▶ WORK INSTRUCTION: Take the lines in the listing below from the line with "مراكش: 1/25، 63،" up to and including the line with "甘肅省發(fā)改委日前發(fā)布了《" and set them down exactly, skipping pictures and adding nothing.

▶ EXTRACTED RECORDS:
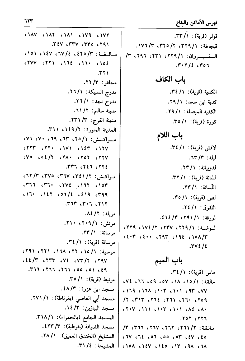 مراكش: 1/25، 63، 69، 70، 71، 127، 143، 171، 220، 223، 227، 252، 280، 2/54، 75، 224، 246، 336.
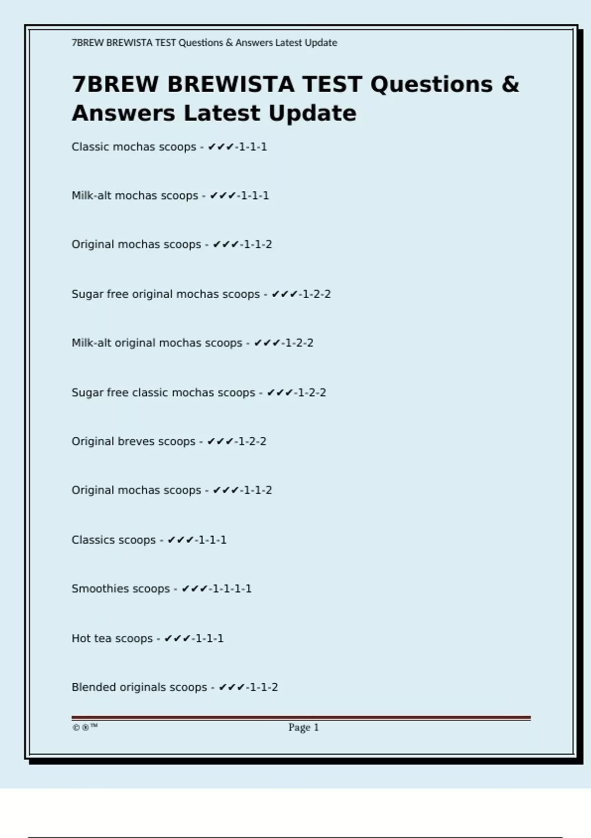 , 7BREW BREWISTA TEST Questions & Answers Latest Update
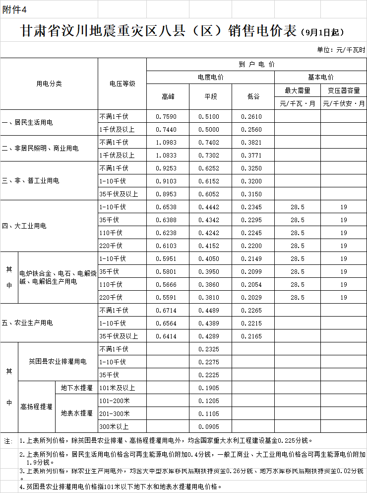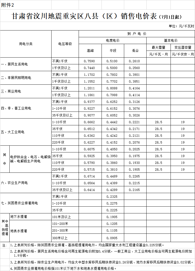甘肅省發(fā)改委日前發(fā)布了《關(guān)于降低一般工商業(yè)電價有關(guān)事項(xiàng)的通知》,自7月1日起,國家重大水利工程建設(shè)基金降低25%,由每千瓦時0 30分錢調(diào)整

--

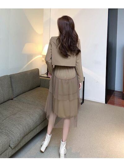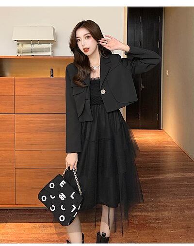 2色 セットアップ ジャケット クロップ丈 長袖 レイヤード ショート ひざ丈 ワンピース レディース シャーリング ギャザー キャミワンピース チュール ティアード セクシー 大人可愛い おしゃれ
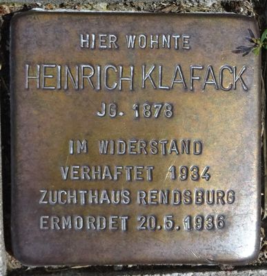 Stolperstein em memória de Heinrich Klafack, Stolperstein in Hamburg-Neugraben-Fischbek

▶ ANSWER SPACE:
 مراكش: 1/25، 63، 69، 70، 71، 127، 143، 171، 220، 223، 227، 252، 280، 2/54، 75، 224، 246، 336.
 , 7BREW BREWISTA TEST Questions & Answers Latest Update
甘肅省發(fā)改委日前發(fā)布了《關(guān)于降低一般工商業(yè)電價有關(guān)事項(xiàng)的通知》,自7月1日起,國家重大水利工程建設(shè)基金降低25%,由每千瓦時0 30分錢調(diào)整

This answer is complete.